One of the things I have come to believe in since working in a full stack type of role is the value of a postmortem. When something goes wrong, it is too easy to just fix it and move on to the next thing, without stopping to think what actually went wrong and how your reactions influenced the end result. This is bad because it can stop you from identifying weaknesses in your systems and preventing the issue from recurring.
A recent incident at work highlighted this for me quite nicely. We have a number of shared web front ends, which run a selection of workloads. Usually this is fine and doesn’t cause us any problems but on this occasion, one of the apps that was hosted on that box suffered an unexpected load spike and started to starve other apps on the same box of resources - causing a cascade of alerts and error messages.
Fixing the immediate issue was nice and simple - fix some SQL that was returning too much data and everything was fine. However, one of the things that we identified in the postmortem that had not been previously considered was the effects increased load and load spikes on single applications would have on the other occupants of the shared box. Some of our code that is hosted on these front end boxes is very much in the legacy category and has limited (if any) ability to monitor it. Some of this can be countered by using secondary metrics such as process CPU and RAM usage and IIS stats in the case of web apps, but nothing beats having some proper metrics being exposed from an application letting you know in real time how much load it is under.

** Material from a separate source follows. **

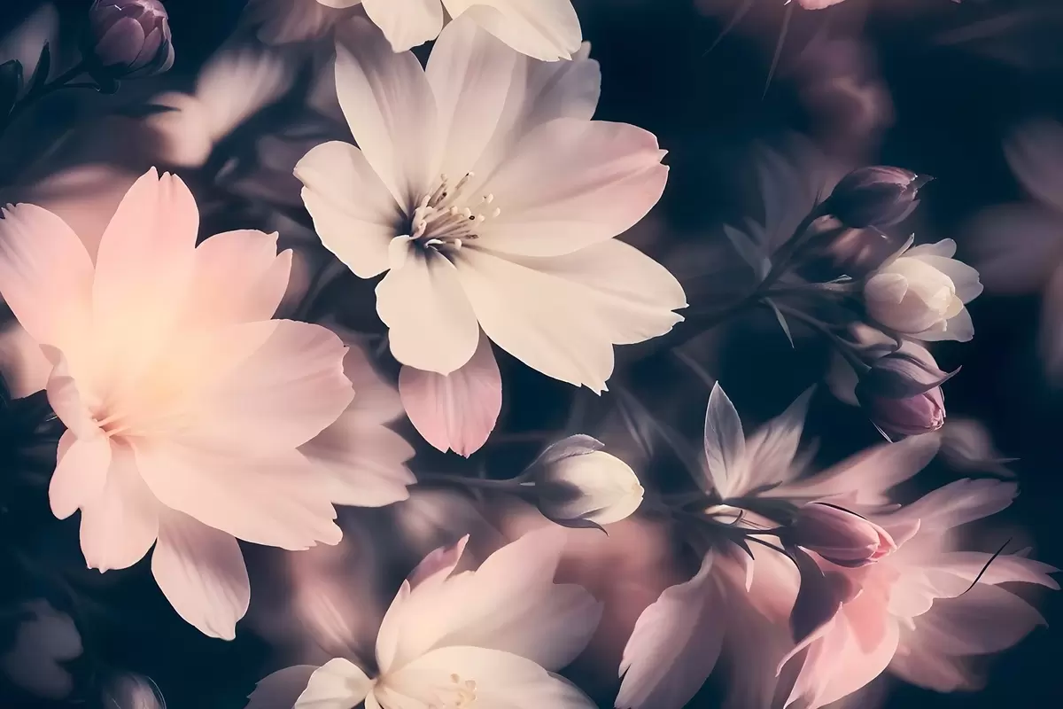 Plakatas Minkštos rožinės ir baltos spalvos senovinės lengvos gėlės su neryškiu fonu f41084

With this in mind, we have made it more of a focus to improve our legacy code base monitoring where possible. In many cases, this is actually fairly easy to improve on - just about anything is step up from “email if something breaks”. If nothing else, writing the errors to a log allows an easier graph of error rates over time compared to having to pull them from an email inbox!
Without performing the postmortem review of what happened and what we could learn, this glaring lack of monitoring would likely have continued to be missed. Now we are at least aware that there is a hole in what we can see of our systems aand we are trying to remiediate as fast and effectively as possible.